WHAT THE TASK REQUIRES:
In your reply, reproduce the lines from the first one below to the line containing "- Singular: die", inclusive, exactly as they stand.
(DATA SUPPLIED Opens)
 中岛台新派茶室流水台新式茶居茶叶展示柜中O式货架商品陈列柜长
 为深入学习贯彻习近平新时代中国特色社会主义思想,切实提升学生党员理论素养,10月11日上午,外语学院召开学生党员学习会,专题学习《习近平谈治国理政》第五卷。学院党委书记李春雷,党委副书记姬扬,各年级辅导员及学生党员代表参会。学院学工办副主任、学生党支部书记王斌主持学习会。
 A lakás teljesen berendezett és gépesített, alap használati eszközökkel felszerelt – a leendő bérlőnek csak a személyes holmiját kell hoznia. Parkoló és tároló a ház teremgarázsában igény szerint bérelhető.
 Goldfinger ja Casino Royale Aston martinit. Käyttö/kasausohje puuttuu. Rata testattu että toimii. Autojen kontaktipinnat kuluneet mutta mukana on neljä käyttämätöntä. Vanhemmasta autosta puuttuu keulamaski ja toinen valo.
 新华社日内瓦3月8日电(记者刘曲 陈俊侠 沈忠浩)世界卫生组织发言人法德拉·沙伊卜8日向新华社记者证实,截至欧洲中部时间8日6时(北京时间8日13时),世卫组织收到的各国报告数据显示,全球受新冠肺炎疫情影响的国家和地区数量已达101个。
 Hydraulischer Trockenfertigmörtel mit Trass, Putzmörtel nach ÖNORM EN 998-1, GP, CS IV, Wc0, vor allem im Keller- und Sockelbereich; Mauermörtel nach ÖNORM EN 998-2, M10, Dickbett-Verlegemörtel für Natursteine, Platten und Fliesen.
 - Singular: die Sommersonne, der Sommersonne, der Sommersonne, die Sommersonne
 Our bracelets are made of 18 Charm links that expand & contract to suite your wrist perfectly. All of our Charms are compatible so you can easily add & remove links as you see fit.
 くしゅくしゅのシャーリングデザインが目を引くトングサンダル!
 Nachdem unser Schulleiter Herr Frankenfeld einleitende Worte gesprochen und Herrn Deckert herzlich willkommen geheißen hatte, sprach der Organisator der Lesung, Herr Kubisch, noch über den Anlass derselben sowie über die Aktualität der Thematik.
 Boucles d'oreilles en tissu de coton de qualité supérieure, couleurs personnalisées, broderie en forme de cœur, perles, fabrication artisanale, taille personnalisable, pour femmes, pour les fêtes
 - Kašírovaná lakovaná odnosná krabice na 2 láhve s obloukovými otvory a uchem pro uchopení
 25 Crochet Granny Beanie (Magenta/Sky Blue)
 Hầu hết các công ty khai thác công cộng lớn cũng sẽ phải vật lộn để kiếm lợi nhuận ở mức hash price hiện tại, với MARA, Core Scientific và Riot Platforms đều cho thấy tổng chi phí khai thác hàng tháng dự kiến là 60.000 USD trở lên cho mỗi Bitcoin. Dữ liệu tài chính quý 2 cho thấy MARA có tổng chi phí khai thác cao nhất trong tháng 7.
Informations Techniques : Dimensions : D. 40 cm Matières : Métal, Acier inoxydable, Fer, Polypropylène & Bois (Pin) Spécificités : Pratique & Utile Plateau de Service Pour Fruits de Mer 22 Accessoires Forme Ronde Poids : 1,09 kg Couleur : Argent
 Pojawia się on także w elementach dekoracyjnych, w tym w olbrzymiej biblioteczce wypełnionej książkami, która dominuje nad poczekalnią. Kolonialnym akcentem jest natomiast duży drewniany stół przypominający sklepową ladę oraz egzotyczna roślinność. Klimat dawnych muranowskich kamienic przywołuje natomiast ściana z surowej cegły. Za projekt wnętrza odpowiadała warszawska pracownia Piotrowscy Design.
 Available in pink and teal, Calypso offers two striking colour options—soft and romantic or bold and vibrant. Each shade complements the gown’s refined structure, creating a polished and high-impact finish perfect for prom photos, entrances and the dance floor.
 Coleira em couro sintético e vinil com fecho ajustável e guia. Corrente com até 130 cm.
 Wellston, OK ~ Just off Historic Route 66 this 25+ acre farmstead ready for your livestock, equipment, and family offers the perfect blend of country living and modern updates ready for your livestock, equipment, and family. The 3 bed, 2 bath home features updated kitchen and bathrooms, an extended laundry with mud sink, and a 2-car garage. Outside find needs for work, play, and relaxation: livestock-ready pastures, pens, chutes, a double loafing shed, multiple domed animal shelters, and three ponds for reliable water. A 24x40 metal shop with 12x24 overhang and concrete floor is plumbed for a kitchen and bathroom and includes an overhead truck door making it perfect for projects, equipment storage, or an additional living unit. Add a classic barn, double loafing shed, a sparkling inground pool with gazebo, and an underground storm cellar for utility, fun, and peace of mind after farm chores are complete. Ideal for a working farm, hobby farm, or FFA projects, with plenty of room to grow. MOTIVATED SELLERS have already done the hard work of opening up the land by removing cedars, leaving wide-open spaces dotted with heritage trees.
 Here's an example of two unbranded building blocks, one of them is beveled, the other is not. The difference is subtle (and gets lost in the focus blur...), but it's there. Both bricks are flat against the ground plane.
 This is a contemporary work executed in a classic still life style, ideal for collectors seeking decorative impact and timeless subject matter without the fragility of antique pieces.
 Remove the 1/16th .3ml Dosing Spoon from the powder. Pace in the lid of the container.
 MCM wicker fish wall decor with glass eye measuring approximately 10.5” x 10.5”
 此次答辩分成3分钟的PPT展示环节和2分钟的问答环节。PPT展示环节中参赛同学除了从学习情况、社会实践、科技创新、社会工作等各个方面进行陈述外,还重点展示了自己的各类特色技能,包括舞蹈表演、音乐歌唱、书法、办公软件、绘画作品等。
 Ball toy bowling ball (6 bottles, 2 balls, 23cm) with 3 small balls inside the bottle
(DATA SUPPLIED Closes)
ANSWER TO THIS EXERCISE:
 中岛台新派茶室流水台新式茶居茶叶展示柜中O式货架商品陈列柜长
 为深入学习贯彻习近平新时代中国特色社会主义思想,切实提升学生党员理论素养,10月11日上午,外语学院召开学生党员学习会,专题学习《习近平谈治国理政》第五卷。学院党委书记李春雷,党委副书记姬扬,各年级辅导员及学生党员代表参会。学院学工办副主任、学生党支部书记王斌主持学习会。
 A lakás teljesen berendezett és gépesített, alap használati eszközökkel felszerelt – a leendő bérlőnek csak a személyes holmiját kell hoznia. Parkoló és tároló a ház teremgarázsában igény szerint bérelhető.
 Goldfinger ja Casino Royale Aston martinit. Käyttö/kasausohje puuttuu. Rata testattu että toimii. Autojen kontaktipinnat kuluneet mutta mukana on neljä käyttämätöntä. Vanhemmasta autosta puuttuu keulamaski ja toinen valo.
 新华社日内瓦3月8日电(记者刘曲 陈俊侠 沈忠浩)世界卫生组织发言人法德拉·沙伊卜8日向新华社记者证实,截至欧洲中部时间8日6时(北京时间8日13时),世卫组织收到的各国报告数据显示,全球受新冠肺炎疫情影响的国家和地区数量已达101个。
 Hydraulischer Trockenfertigmörtel mit Trass, Putzmörtel nach ÖNORM EN 998-1, GP, CS IV, Wc0, vor allem im Keller- und Sockelbereich; Mauermörtel nach ÖNORM EN 998-2, M10, Dickbett-Verlegemörtel für Natursteine, Platten und Fliesen.
 - Singular: die Sommersonne, der Sommersonne, der Sommersonne, die Sommersonne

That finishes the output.